Rigid-Rod Molecules in Biomembrane Models: From Hydrogen-Bonded Chains to Synthetic Multifunctional Pores

Abstract

Synthetic ion channels and pores formed by rigid-rod molecules are summarized. This includes work on hydrogen-bonded chains installed along membrane-spanning rigid-rod scaffolds to transport protons. As a second topic, programmed assembly of p-septiphenyls with terminal iminodiacetate-copper complexes for potassium transport by cation−π interactions is described. The third topic concerns rigid push−pull rods as fluorescent α-helix mimics to probe the importance of dipole−potential interactions for voltage gating, both on the functional and the structural level.
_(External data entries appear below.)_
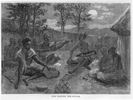 On the 8th, entering Koloa, a considerable town, he observed hanging on a tree a masquerading habit, made of bark, which he was told belonged to Mumbo Jumbo, a sort of wood demon, held greatly in awe, especially by the female part of the community. This strange bugbear is common to all the Mandingo towns, and much employed by the pagan negroes in keeping their women in subjection. As the Kaffirs, or pagan Africans, are not restricted in the number of their wives, every one marries as many as he can conveniently maintain; and it frequently happens that the ladies disagree among themselves, their quarrels sometimes reaching to such a height that the authority of the husband can no longer preserve peace in his household,—in such cases the interposition of Mumbo Jumbo is called in and is always decisive. This strange minister of justice, who is supposed to be either the husband or some person instructed by him, disguised in the dress which has just been mentioned, and armed with the rod of public authority, announces his coming by loud and dismal screams in the woods near the town.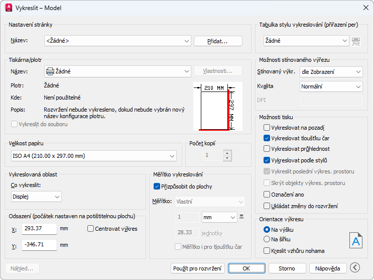 Udává část výkresu, která má být vykreslena. V poli Co vykreslit můžete vybrat oblast výkresu k vykreslování.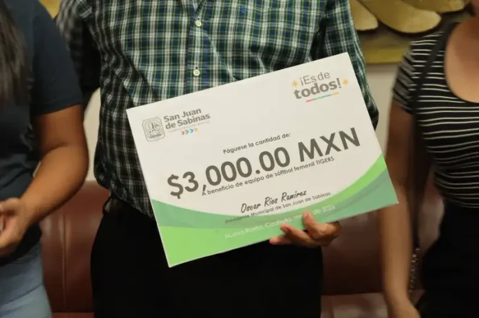 El alcalde de San Juan de Sabinas entregó un apoyo económico al equipo Tigers de Nueva Rosita, destacando su compromiso de fortalecer el deporte y respaldar a las atletas locales.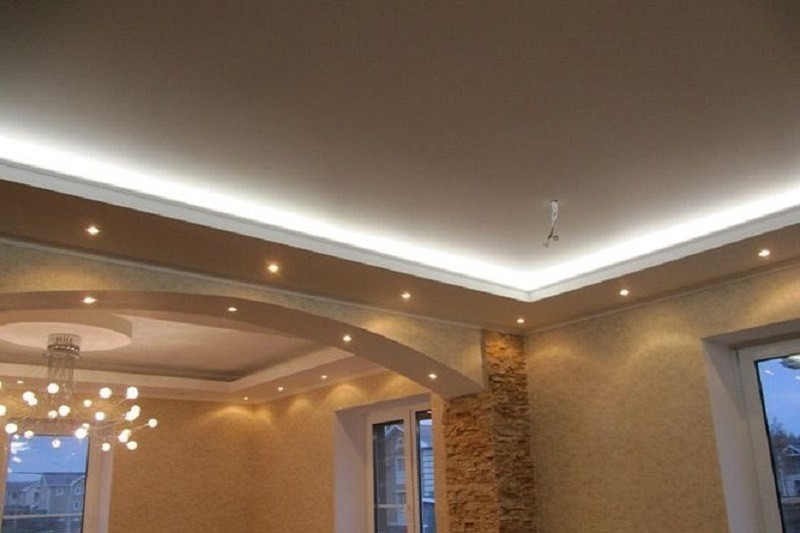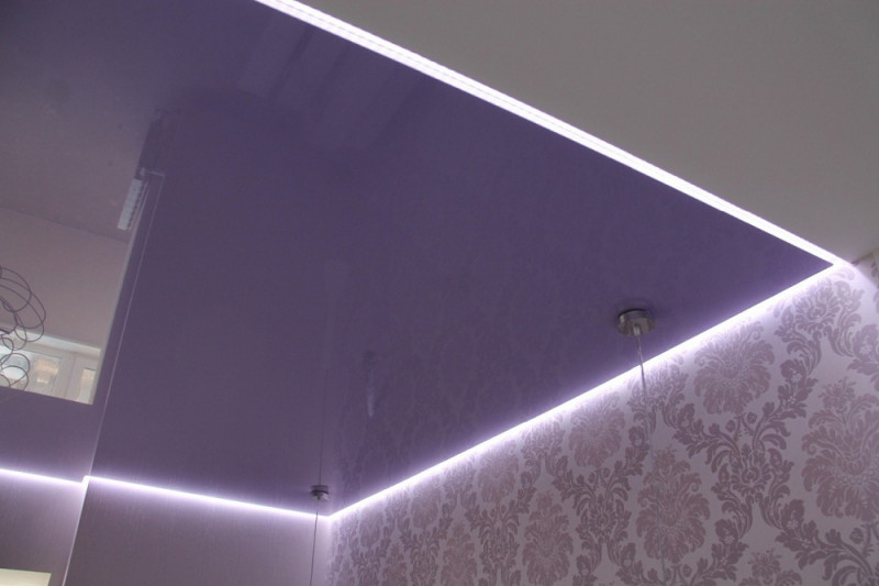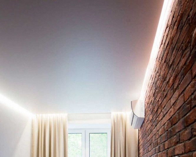 Принцип их монтажа такой же, как у теневых, но с большей шириной профиля (примерно 2 – 2,5 см). Внутрь закладывается светодиодная лента. Располагается она внутри таким образом, чтобы не быть видимой при взгляде вверх с пола.

Topic number four deals with p-octiphenyl staves as key scaffolds for the synthesis of rigid-rod β-barrel pores. The description of internal and external design strategies for these rigid-rod β-barrels covers a rich collection of pH-, pM-, voltage-, ligand-, and enzyme-gated synthetic multifunctional pores that can act as hosts, sensors, and catalysts. As far as practical applications are concerned, the possibility to detect chemical reactions with synthetic multifunctional pores appears most attractive. Recent molecular mechanics simulations are presented as a valuable approach to insights on the elusive suprastructures of multifunctional pores made from rigid rods.